Your instructions —
Exactly and without additions, transcribe the line that contains "Reddingsdeken COVERING UP;" and every line after it in the data.

Items from a dataset:
--*--

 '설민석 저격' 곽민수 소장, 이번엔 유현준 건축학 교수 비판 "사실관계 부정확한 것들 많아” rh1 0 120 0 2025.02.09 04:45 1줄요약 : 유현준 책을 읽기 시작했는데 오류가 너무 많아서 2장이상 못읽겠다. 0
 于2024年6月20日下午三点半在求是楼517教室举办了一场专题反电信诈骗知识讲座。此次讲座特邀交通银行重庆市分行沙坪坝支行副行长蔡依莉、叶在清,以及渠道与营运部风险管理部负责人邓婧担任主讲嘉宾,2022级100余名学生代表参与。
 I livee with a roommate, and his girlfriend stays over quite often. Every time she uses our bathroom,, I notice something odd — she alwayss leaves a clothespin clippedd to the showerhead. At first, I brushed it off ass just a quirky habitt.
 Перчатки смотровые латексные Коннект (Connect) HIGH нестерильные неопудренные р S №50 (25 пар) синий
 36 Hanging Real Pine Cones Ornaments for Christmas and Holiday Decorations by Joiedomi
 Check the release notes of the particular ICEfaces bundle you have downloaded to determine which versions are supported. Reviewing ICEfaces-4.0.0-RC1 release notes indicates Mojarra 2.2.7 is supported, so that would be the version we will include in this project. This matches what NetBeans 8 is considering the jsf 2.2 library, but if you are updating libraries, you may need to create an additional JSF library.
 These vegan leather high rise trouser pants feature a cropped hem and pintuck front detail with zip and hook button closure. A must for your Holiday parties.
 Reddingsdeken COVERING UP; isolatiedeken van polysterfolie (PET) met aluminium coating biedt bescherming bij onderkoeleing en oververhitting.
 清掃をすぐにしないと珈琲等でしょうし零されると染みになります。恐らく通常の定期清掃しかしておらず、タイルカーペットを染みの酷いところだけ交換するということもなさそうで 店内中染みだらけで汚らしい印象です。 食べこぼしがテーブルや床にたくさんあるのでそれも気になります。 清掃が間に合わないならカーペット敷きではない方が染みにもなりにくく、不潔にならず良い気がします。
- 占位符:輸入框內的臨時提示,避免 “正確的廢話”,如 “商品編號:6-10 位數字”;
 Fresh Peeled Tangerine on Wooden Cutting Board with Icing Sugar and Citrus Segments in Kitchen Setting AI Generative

--*--

Written answer —
 Reddingsdeken COVERING UP; isolatiedeken van polysterfolie (PET) met aluminium coating biedt bescherming bij onderkoeleing en oververhitting.
 清掃をすぐにしないと珈琲等でしょうし零されると染みになります。恐らく通常の定期清掃しかしておらず、タイルカーペットを染みの酷いところだけ交換するということもなさそうで 店内中染みだらけで汚らしい印象です。 食べこぼしがテーブルや床にたくさんあるのでそれも気になります。 清掃が間に合わないならカーペット敷きではない方が染みにもなりにくく、不潔にならず良い気がします。
- 占位符:輸入框內的臨時提示,避免 “正確的廢話”,如 “商品編號:6-10 位數字”;
 Fresh Peeled Tangerine on Wooden Cutting Board with Icing Sugar and Citrus Segments in Kitchen Setting AI Generative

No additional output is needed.